▶

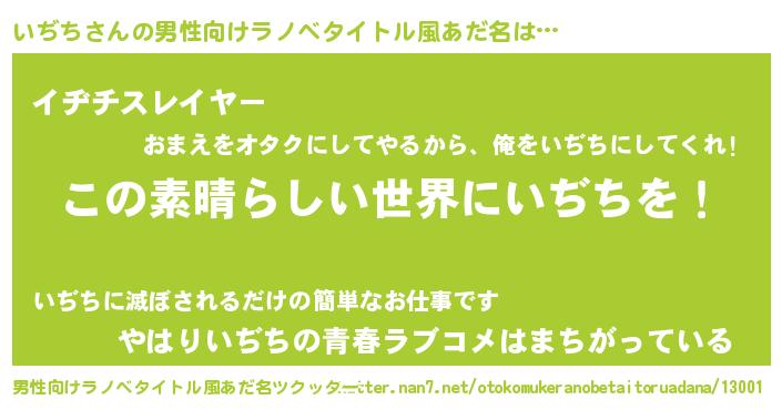 | 意味不明あだ名 | 『住所不定無職いぢち(39歳)』 |
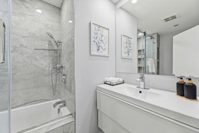 Rare 2BD/2.5BA Townhome with Private Green Backyard + EV-Ready Parking at this price point. Don't miss out! Beautifully upgraded home offering 1,125 sq. ft. of well-designed living space in a quiet community location. The spacious living room features a newly added electric fireplace and flows into the dining area, creating an open and functional floor plan. Step outside to a private backyard surrounded by lush greenery perfect for relaxing. A powder room with in-unit washer/dryer adds convenience, while a smart mini office under the stairs provides a flexible work-from-home space. The kitchen showcases glossy modern cabinetry, quartz countertops, stainless appliances, and an exterior-vented exhaust. Upstairs, two spacious primary suites offer updated en-suite bathrooms, including a ceiling-mounted rain shower, along with upgraded closet systems. Additional features: recessed LED lighting, upgraded double-pane windows, a water softener, smart lock, thermostat, and motion-activated bathroom vent. 2 assigned underground parking spaces, one with 240V EV outlet. Resort-style and gated community. Conveniently located near major tech employers, Costco, with close proximity to Caltrain and Santa Clara University. Top rated Middle and High School.
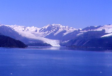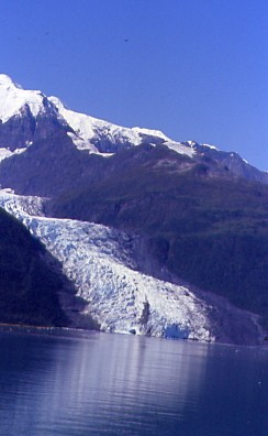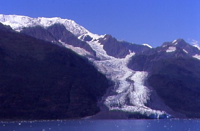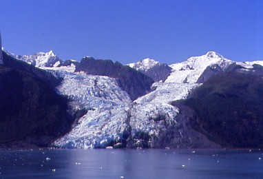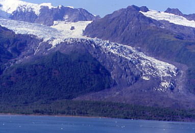 Passing the Columbia Glacier, which descends from an icefield 10,000 feet above sea level, down the flanks of the Chugach Mountains, and into a narrow inlet that leads into Prince William Sound. It has long been an archetype of the world's most rapidly changing glaciers. The Columbia is a large tidewater glacier, flowing directly into the sea. When British explorers first surveyed it in 1794, its nose, or terminus, extended south to the northern edge of Heather Island, near the mouth of Columbia Bay. The glacier held that position until 1980, when it began a rapid retreat that continues today.
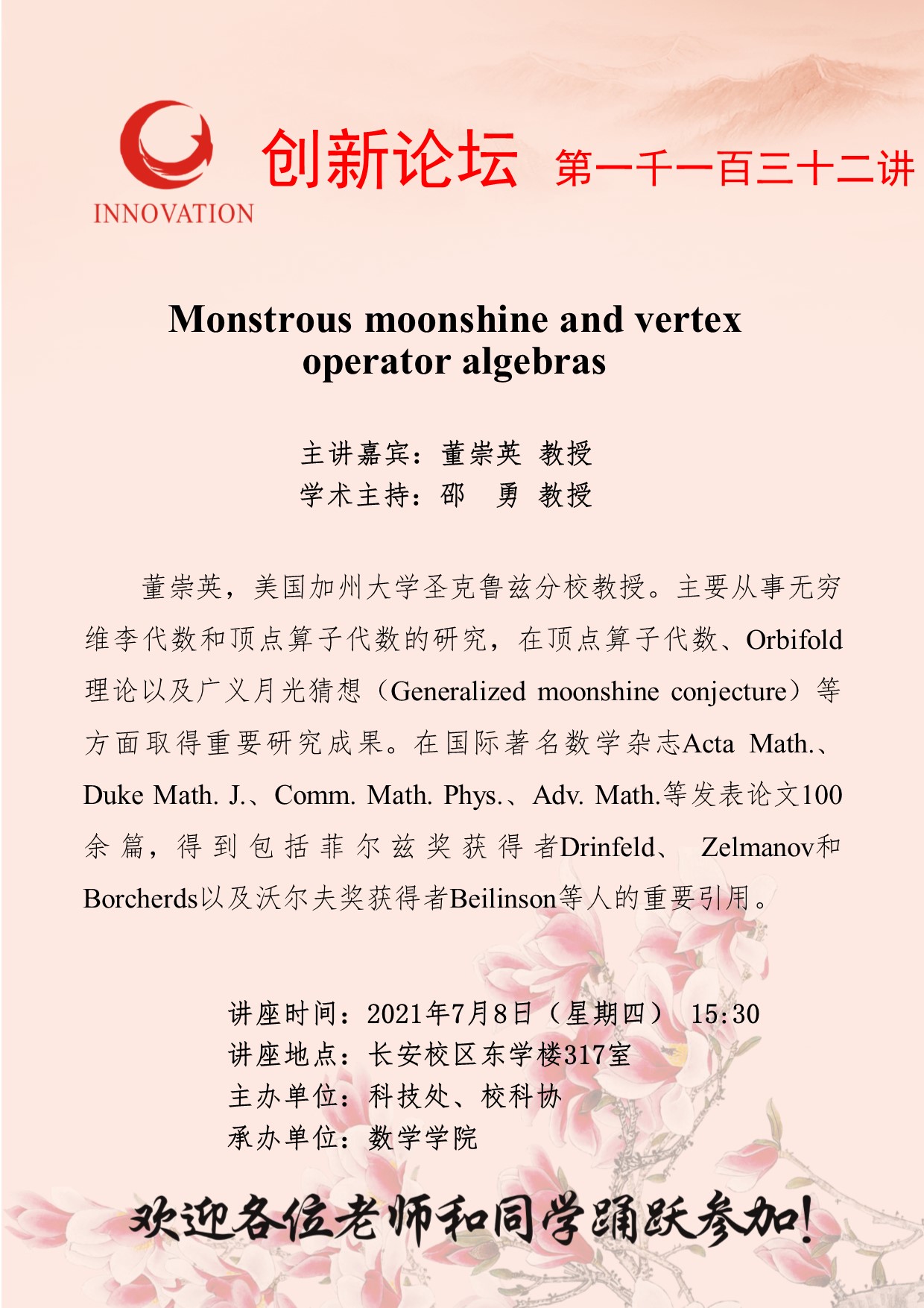 董崇英 教授 赢博官方(中国)总部创新论坛第一千一百三十二讲:Monstrous moonshine and vertex operator algebras 讲座时间 2021年7月8日(星期四) 讲座地点 长安校区东学楼317室 讲座人介绍 董崇英 教授 讲座内容
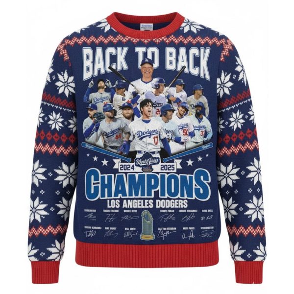 The LA Dodgers Back To Back World Series Champions 2024-2025 Ugly Christmas Sweater
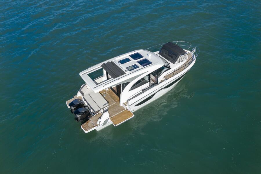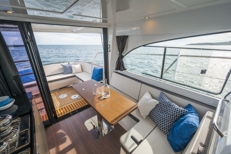 Natural light and cruising comfort characterize this large weekender. The double master cabin with its ensuite shower room is well above the usual standards. The full beam aft cabin has room for three. In the salon, the Antares 11 can easily entertain up to 7 while you enjoy the stunning views through her panoramic windows.

◀

Task statement:
Wherever a picture appears in the records above, skip it and retype everything else exactly.

Response for this exercise:
 | 意味不明あだ名 | 『住所不定無職いぢち(39歳)』 |
 Rare 2BD/2.5BA Townhome with Private Green Backyard + EV-Ready Parking at this price point. Don't miss out! Beautifully upgraded home offering 1,125 sq. ft. of well-designed living space in a quiet community location. The spacious living room features a newly added electric fireplace and flows into the dining area, creating an open and functional floor plan. Step outside to a private backyard surrounded by lush greenery perfect for relaxing. A powder room with in-unit washer/dryer adds convenience, while a smart mini office under the stairs provides a flexible work-from-home space. The kitchen showcases glossy modern cabinetry, quartz countertops, stainless appliances, and an exterior-vented exhaust. Upstairs, two spacious primary suites offer updated en-suite bathrooms, including a ceiling-mounted rain shower, along with upgraded closet systems. Additional features: recessed LED lighting, upgraded double-pane windows, a water softener, smart lock, thermostat, and motion-activated bathroom vent. 2 assigned underground parking spaces, one with 240V EV outlet. Resort-style and gated community. Conveniently located near major tech employers, Costco, with close proximity to Caltrain and Santa Clara University. Top rated Middle and High School.
 Passing the Columbia Glacier, which descends from an icefield 10,000 feet above sea level, down the flanks of the Chugach Mountains, and into a narrow inlet that leads into Prince William Sound. It has long been an archetype of the world's most rapidly changing glaciers. The Columbia is a large tidewater glacier, flowing directly into the sea. When British explorers first surveyed it in 1794, its nose, or terminus, extended south to the northern edge of Heather Island, near the mouth of Columbia Bay. The glacier held that position until 1980, when it began a rapid retreat that continues today.
 董崇英 教授 赢博官方(中国)总部创新论坛第一千一百三十二讲:Monstrous moonshine and vertex operator algebras 讲座时间 2021年7月8日(星期四) 讲座地点 长安校区东学楼317室 讲座人介绍 董崇英 教授 讲座内容
 The LA Dodgers Back To Back World Series Champions 2024-2025 Ugly Christmas Sweater
 Natural light and cruising comfort characterize this large weekender. The double master cabin with its ensuite shower room is well above the usual standards. The full beam aft cabin has room for three. In the salon, the Antares 11 can easily entertain up to 7 while you enjoy the stunning views through her panoramic windows.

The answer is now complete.